[Records from a dataset]

==========

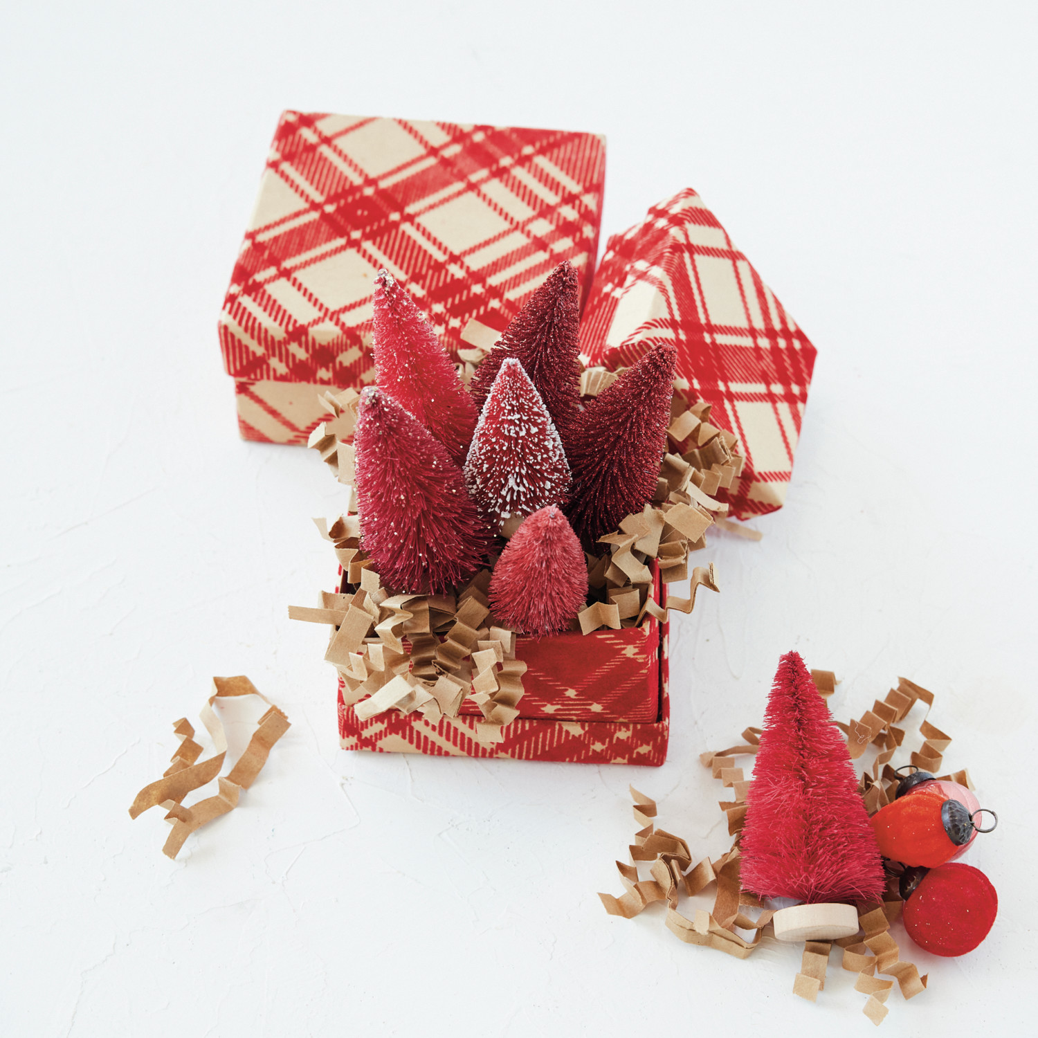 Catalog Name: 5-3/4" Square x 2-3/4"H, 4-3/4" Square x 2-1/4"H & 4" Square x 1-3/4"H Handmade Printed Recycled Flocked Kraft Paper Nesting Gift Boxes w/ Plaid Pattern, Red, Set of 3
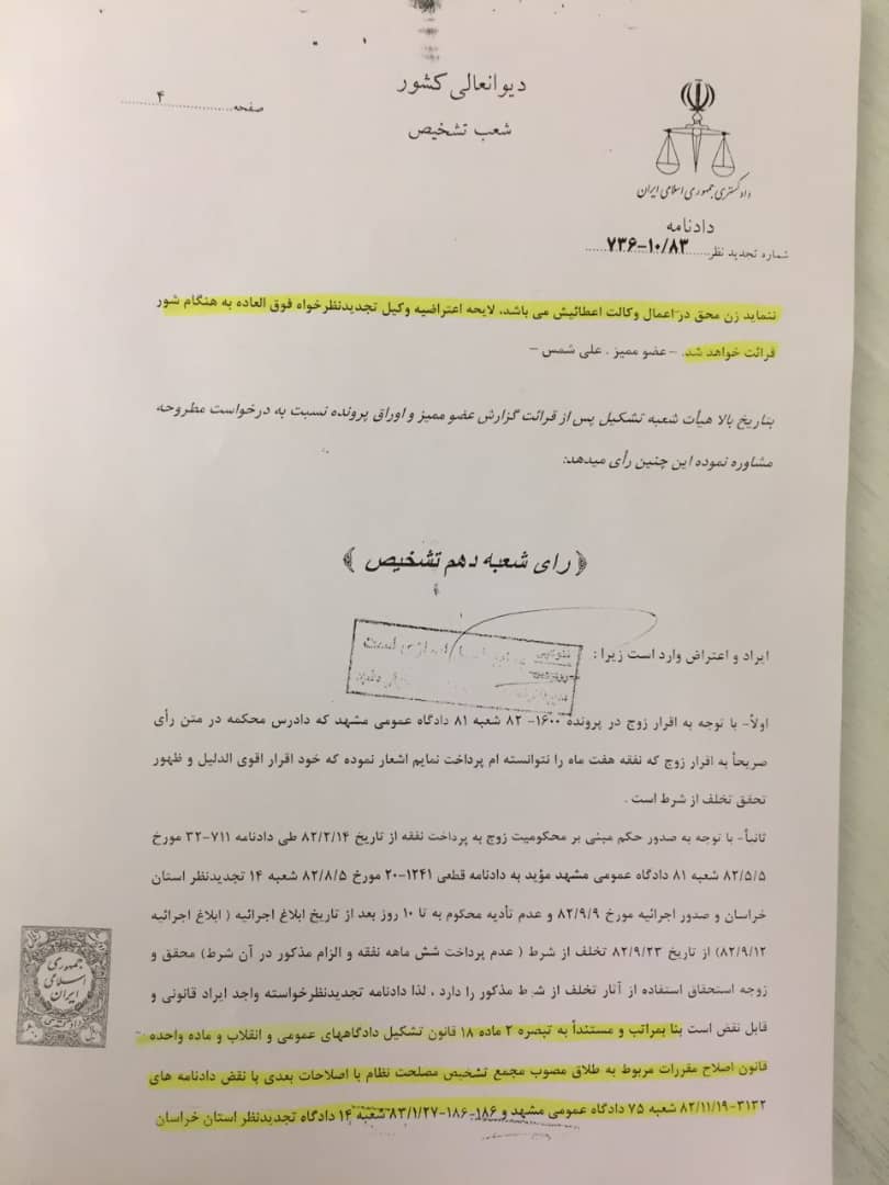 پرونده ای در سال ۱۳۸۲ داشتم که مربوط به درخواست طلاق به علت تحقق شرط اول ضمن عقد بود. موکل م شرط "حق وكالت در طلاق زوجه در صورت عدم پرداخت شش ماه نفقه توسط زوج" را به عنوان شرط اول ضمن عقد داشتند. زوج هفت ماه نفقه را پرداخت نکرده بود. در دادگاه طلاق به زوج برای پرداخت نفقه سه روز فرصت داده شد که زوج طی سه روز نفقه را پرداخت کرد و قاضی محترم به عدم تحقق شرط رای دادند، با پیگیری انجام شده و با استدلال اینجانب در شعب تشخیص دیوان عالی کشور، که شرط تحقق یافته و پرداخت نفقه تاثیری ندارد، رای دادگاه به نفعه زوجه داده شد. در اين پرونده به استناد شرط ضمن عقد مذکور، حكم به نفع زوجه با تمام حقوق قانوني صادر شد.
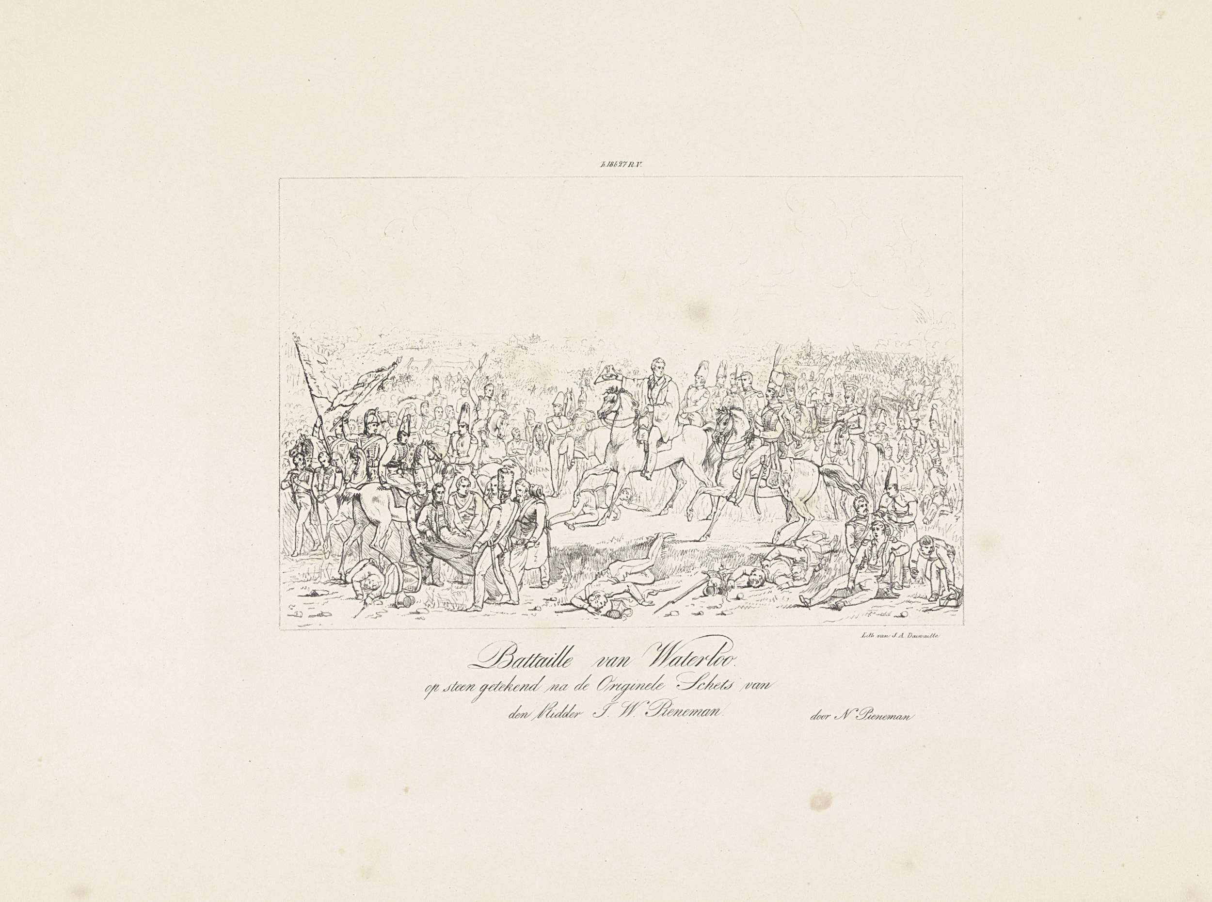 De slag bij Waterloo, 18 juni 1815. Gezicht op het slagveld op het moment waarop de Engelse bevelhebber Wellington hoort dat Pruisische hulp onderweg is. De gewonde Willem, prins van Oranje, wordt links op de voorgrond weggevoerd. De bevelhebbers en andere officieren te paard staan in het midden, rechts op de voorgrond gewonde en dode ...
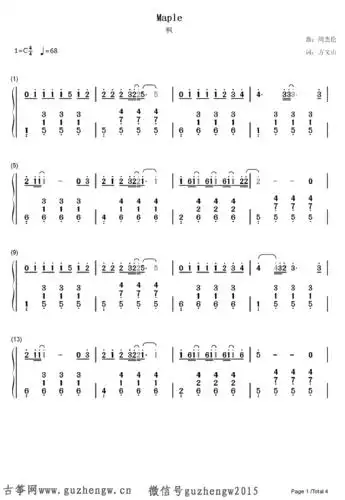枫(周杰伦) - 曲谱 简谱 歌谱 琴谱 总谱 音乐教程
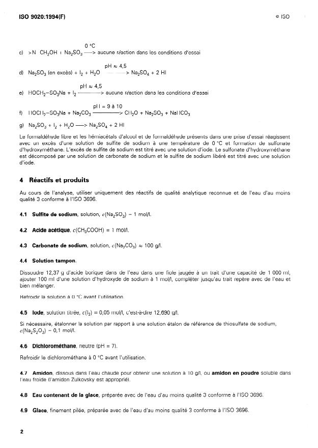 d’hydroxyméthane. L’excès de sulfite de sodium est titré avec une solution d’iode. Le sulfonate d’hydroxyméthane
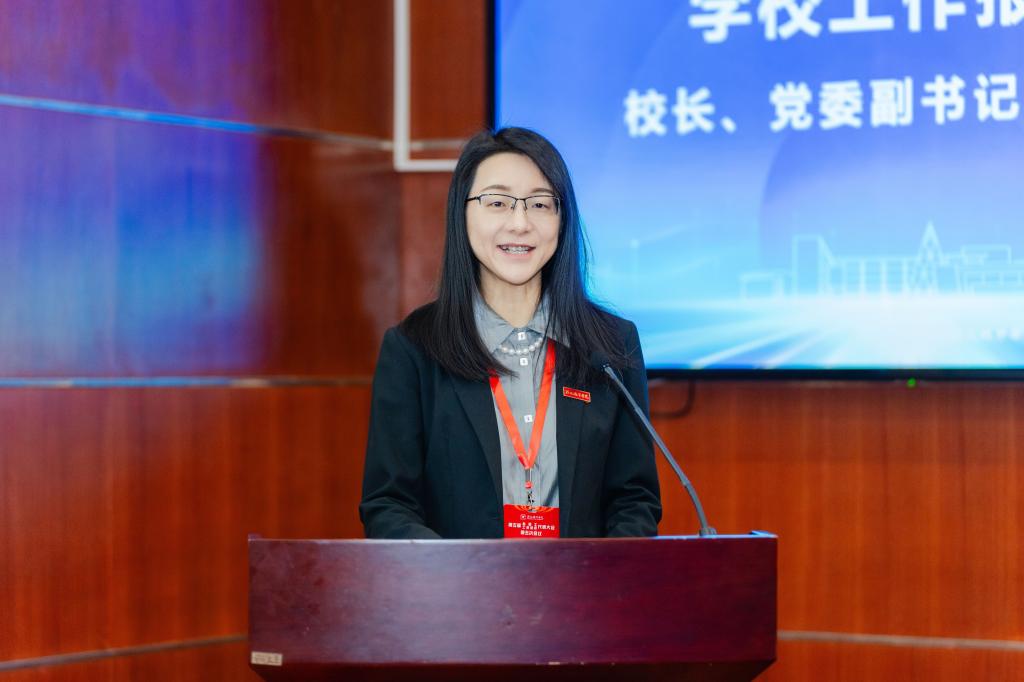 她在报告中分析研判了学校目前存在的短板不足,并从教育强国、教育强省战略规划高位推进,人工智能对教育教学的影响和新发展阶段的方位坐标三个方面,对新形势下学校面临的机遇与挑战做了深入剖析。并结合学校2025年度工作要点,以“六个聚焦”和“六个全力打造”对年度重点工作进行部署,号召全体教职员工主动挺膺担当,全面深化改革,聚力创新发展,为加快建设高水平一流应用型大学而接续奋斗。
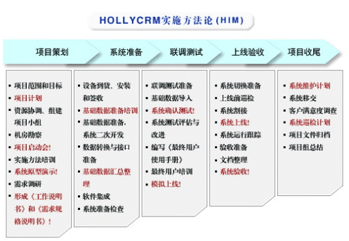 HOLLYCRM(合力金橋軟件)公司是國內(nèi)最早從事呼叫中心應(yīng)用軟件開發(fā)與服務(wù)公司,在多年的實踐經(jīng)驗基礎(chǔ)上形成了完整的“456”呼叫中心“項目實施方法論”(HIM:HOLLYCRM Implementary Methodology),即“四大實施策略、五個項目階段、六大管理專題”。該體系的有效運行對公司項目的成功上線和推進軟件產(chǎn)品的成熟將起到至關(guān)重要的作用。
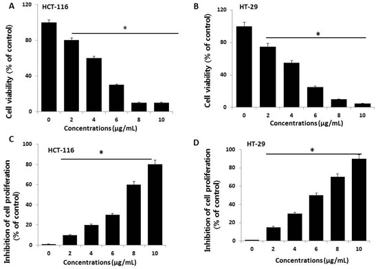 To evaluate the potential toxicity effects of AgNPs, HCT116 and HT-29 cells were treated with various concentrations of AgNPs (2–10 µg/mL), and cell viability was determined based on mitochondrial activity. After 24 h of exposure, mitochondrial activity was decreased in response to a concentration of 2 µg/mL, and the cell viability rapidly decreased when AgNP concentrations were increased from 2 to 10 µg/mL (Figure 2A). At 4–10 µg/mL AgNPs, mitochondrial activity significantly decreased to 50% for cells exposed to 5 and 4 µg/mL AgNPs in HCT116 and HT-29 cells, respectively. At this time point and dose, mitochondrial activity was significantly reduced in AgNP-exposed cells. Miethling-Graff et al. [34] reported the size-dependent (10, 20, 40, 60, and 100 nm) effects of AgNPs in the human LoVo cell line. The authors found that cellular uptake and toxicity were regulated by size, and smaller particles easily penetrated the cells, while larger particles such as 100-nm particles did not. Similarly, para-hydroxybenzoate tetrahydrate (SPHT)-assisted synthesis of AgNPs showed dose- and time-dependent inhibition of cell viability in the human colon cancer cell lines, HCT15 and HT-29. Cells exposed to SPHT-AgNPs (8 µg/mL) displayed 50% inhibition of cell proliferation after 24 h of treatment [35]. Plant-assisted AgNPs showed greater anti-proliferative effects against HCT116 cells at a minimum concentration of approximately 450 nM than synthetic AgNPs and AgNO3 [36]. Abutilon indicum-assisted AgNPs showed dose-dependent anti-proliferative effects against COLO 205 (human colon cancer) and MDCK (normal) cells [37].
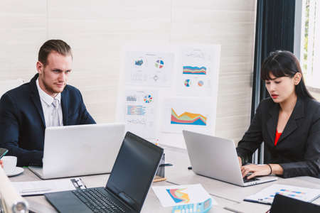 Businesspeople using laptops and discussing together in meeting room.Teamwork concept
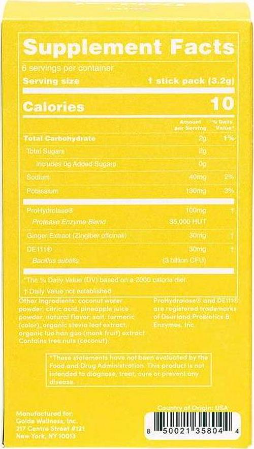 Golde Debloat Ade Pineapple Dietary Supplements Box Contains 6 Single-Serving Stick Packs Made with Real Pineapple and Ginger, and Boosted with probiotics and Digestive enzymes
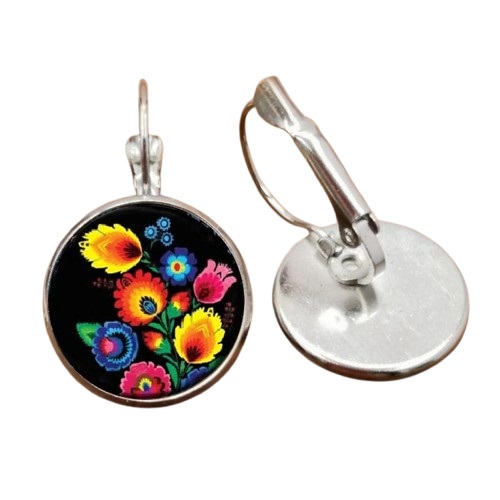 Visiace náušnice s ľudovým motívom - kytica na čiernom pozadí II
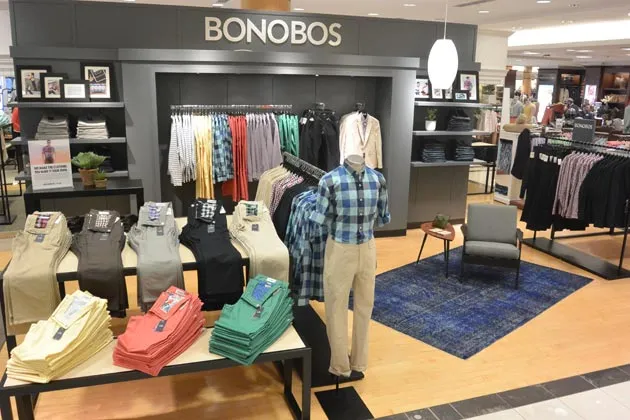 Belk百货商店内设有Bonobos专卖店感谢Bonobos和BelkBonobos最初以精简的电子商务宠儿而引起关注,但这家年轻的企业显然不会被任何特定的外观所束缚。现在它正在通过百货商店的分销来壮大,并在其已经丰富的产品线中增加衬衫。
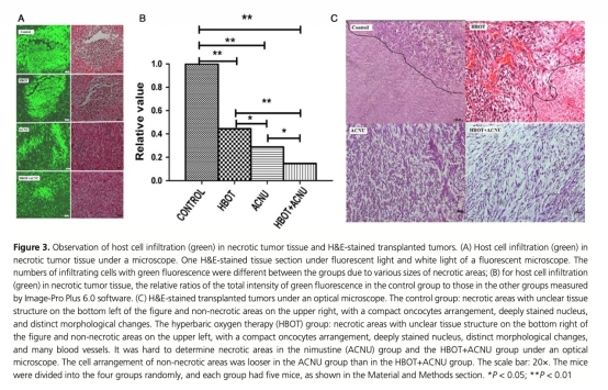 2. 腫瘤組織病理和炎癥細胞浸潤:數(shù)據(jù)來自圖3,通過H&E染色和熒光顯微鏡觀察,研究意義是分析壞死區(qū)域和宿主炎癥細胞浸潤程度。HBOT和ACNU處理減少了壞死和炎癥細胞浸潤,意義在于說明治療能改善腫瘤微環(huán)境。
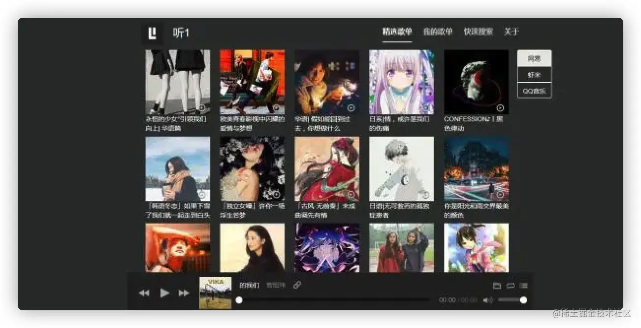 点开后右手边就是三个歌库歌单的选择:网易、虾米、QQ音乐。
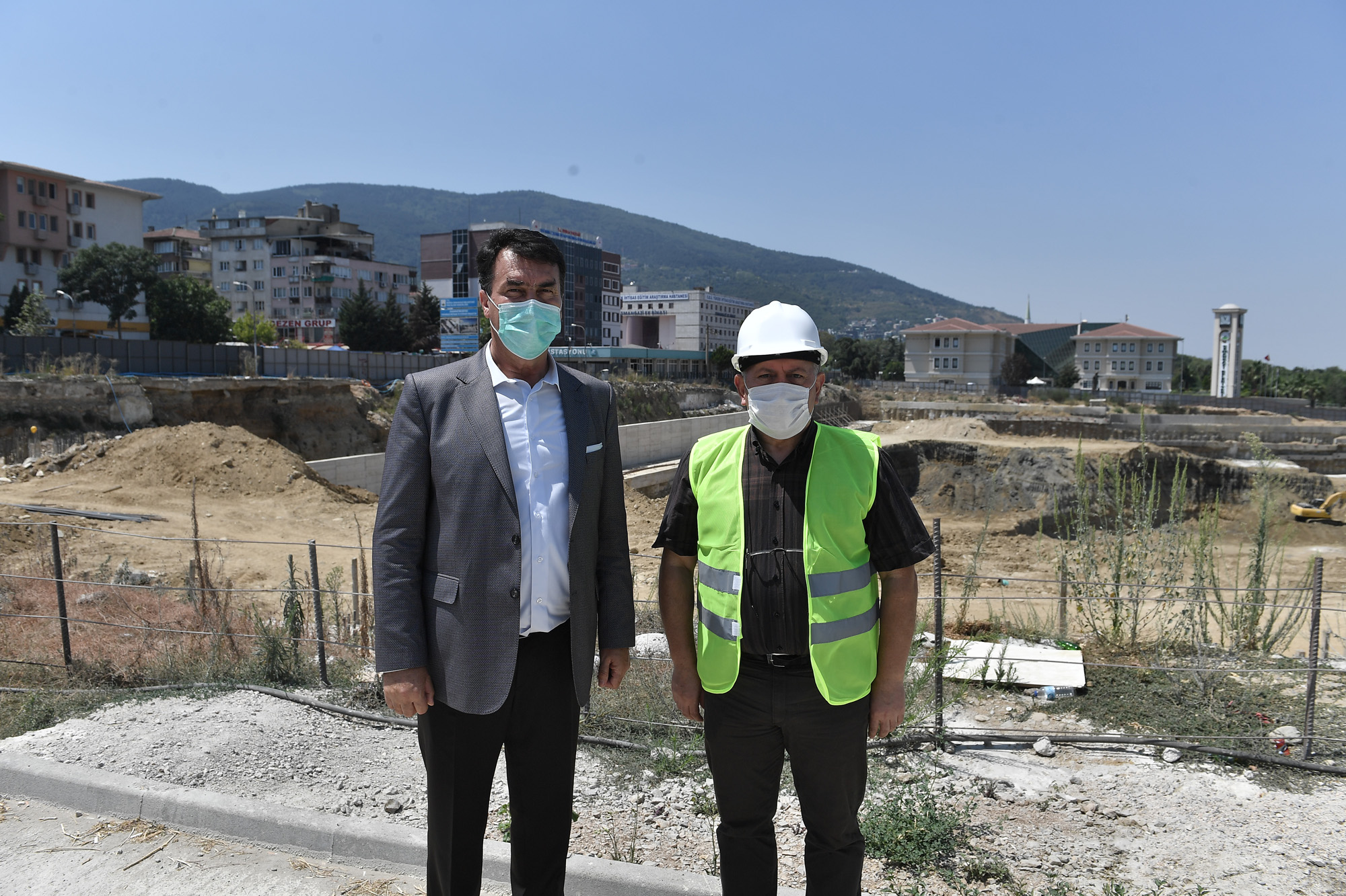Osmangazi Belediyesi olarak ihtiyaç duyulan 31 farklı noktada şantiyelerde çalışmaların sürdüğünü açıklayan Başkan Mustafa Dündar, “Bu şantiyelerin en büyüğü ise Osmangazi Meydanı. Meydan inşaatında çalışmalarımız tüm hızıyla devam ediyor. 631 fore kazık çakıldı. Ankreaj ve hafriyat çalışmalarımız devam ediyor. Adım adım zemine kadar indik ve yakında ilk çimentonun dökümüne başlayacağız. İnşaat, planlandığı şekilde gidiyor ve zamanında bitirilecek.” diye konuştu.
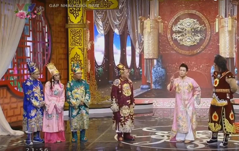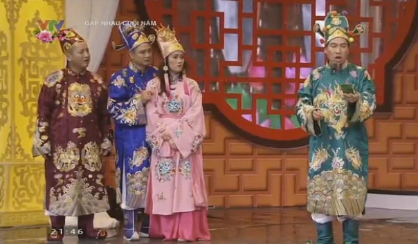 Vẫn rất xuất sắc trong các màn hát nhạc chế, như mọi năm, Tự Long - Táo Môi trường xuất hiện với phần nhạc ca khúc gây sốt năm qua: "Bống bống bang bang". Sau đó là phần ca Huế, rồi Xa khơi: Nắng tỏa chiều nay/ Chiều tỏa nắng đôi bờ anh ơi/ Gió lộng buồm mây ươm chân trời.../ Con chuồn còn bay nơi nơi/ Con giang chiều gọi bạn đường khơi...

==========

Work to complete. Say again, word for word, every line from the one with "点开后右手边就是三个歌库歌单的选择:网易、虾米、QQ音乐。" through the last line of the data above, minus the pictures.

Output for this exercise.
 点开后右手边就是三个歌库歌单的选择:网易、虾米、QQ音乐。
Osmangazi Belediyesi olarak ihtiyaç duyulan 31 farklı noktada şantiyelerde çalışmaların sürdüğünü açıklayan Başkan Mustafa Dündar, “Bu şantiyelerin en büyüğü ise Osmangazi Meydanı. Meydan inşaatında çalışmalarımız tüm hızıyla devam ediyor. 631 fore kazık çakıldı. Ankreaj ve hafriyat çalışmalarımız devam ediyor. Adım adım zemine kadar indik ve yakında ilk çimentonun dökümüne başlayacağız. İnşaat, planlandığı şekilde gidiyor ve zamanında bitirilecek.” diye konuştu.
 Vẫn rất xuất sắc trong các màn hát nhạc chế, như mọi năm, Tự Long - Táo Môi trường xuất hiện với phần nhạc ca khúc gây sốt năm qua: "Bống bống bang bang". Sau đó là phần ca Huế, rồi Xa khơi: Nắng tỏa chiều nay/ Chiều tỏa nắng đôi bờ anh ơi/ Gió lộng buồm mây ươm chân trời.../ Con chuồn còn bay nơi nơi/ Con giang chiều gọi bạn đường khơi...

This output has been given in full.